# Don't try this at home



## rob (May 24, 2013)

I am sitting here watching the news and the newest fab is to drop your favorite alcohol beverage into dry ice and sniff the fumes, they say it is easier on the liver....oh bother, I am sticking with the old fashion way


----------



## Julie (May 25, 2013)

Dear Lord!!!!!


----------



## jamesngalveston (May 25, 2013)

Times sure change. when i was 20, we would find some cheap rolling papers, a 10.00 bag of weed..make a batch of tiger juice,.and have a party.
Now its 140 for a 1/4 of hydro..and smoking in a 200.00 evaporater and drinking natural flavored waters.
lol


----------



## Dylan (May 25, 2013)

I hear fermenting with bath salts is the new rage. They call it zombie wine. LOL


----------



## dessertmaker (May 25, 2013)

Kids these days will try ANYTHING! When I was in Jr High trying something new meant a different prank to play on the girls. Now it means snorting something else they found on the cleaning aisle or in their parents medicine closet.


----------



## JohnT (May 29, 2013)

Folks, 

As I grow older I am most certainly guilty of "the media syndrome". 

This is the tendency for folks to take in media stories as the main trend of the world. Folks, this could not be farther from the truth. 

Does anybody here know a single kid that does this stuff? If so, what percentage do? The fact of the matter is that most do not. 

Nothing has really changed with kids today. I could easily say that the kids in "Rebel Without a Cause" or "Blackboard Jungle" as examples of the way kids were back in the 50's, but that would not be true either.

I look at my nieces and nephews and have to say that I love them dearly and admire just how down to earth and smart these kids are. In my mind, they show that there is a bright future and that the world is not going to heck in a hand basket. 

(sorry for the soapbox, but I felt it needed to be said)


----------



## jswordy (May 29, 2013)

jamesngalveston said:


> Times sure change. when i was 20, we would find some cheap rolling papers, a 10.00 bag of weed..make a batch of tiger juice,.and have a party.
> Now its 140 for a 1/4 of hydro..and smoking in a 200.00 evaporater and drinking natural flavored waters.
> lol



Now James, I'm going to compliment you on your honesty right there!

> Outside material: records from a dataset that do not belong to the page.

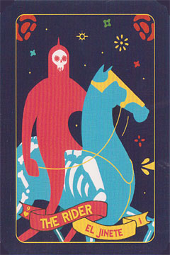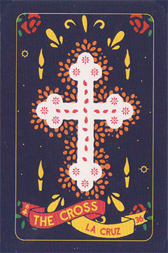 Small, easy to handle cards with simple yet colorful artwork on dark purple background. You'll appreciate the tradition of Día de los Muertos celebrated within these cards as you divine the answers to your questions. Guidebook has been written in both English and Spanish. It gives key words, a short story, meaning of card and Lenormand meaning for the Lenormand style cards in the deck (read more in Publisher's Marketing below). Five card spreads are also offered in this informative guide.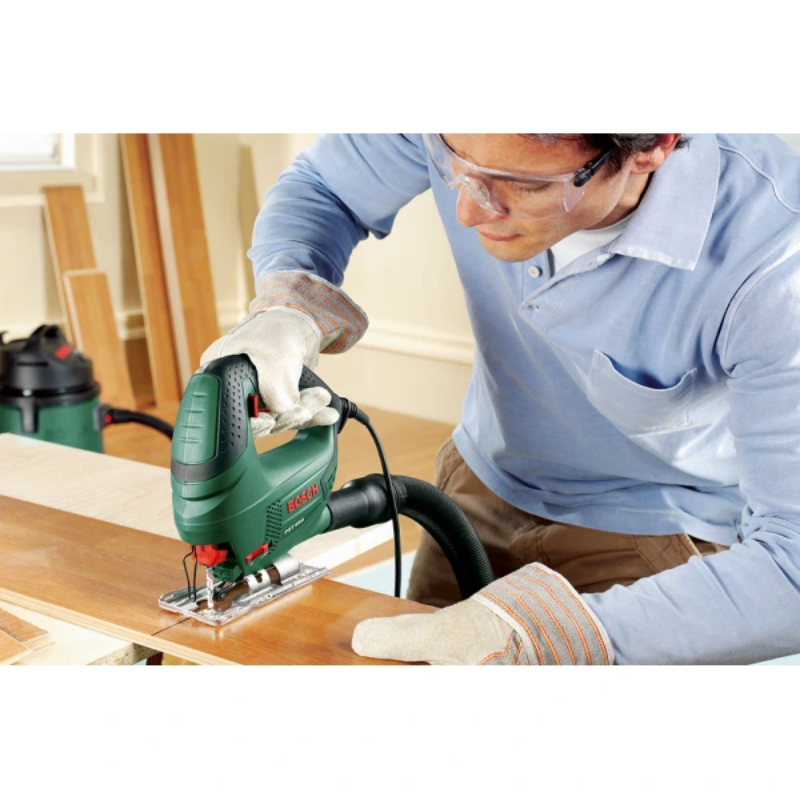 Този модел е оборудван с удобна функция за обдухване на зоната на рязане, която позволява отлична видимост върху линията на среза, а адаптерът за прахоулавяне допринася за чиста работна среда. Металната основна плоча е подсилена за по-голяма стабилност и безопасност, а възможността за рязане под ъгъл до 45 градуса добавя допълнителна гъвкавост и прецизност при работа. Bosch PST 650 е идеален избор за любители и домашни майстори, които искат съчетание от мощност, лекота и практичност в един компактен инструмент.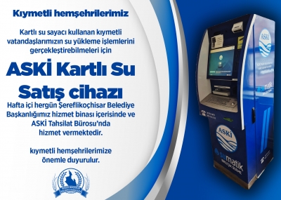 ASKİ Kartlı Su Satış Cihazı Belediye Binamızda Hizmet Vermektedir

You know, almost everyone in my Baby Boomer age group completely denies that they had anything to do with pot or drugs back in their youth! No No! Never touched the stuff!!! Whatever are you talking about? 

Hahahaha, it always makes me laugh because if that many people all never touched the stuff, it would not have become the huge cultural phenomenon that it did. Now this was back before the war on drugs, mind you, when NOBODY ever got killed over even a pound of pot. Prohibition enforcement being what it is now, prices have risen and that's no longer the case.

Yep, kids inhale bath salts (now illegal to sell in several states), the huff gasoline, they still do airplane glue, they play "the choking game," etc. That's because they feel invincible. Me, I'm now officially vincible.


----------



## dessertmaker (May 29, 2013)

Sorry John T, in my line of work I tend to come into contact with the pill snorters more than the nice kids. Wasn't meaning to imply the whole generation is going to hell in a hand basket.

But they are way more experimental than ANYBODY I knew when I was that age. The "bad" kids drank and smoked cigarettes or MAYBE pot. Not snort pills and stuff that goes in bath water.


----------



## suecasa (May 30, 2013)

*The other soap box*

I am a nurse supervisor for a small rural-ish community hispitsl. And I'm sorry to say we see way too many kids messing with dangerous chemicals. We have intentional and accidental drug overdosed kids in the ICU almost weekly. I'm thankful that it isn't my family...but that doesn't mean it's not prevalent and worthy of intervention and information.

And bath salts aren't actually what goes in the bath from what I understand. They just look like it


----------



## dessertmaker (May 30, 2013)

They are sold as "bath salts" in convenience stores in an attempt to disguise them as a household product. A lot of those hole in the wall places sell synthetic weed as incense, blount papers, pipes, bongs etc. and it's been tolerated for years.


----------



## jswordy (May 30, 2013)

dessertmaker said:


> They are sold as "bath salts" in convenience stores in an attempt to disguise them as a household product. A lot of those hole in the wall places sell synthetic weed as incense, blount papers, pipes, bongs etc. and it's been tolerated for years.




Not as a general rule in the South. It's illegal to sell "bath salts" in TN and AL. In either state, possession or sale of drug paraphernalia is illegal. Last I heard, possession of a single marijuana seed could get you 5 years in TN.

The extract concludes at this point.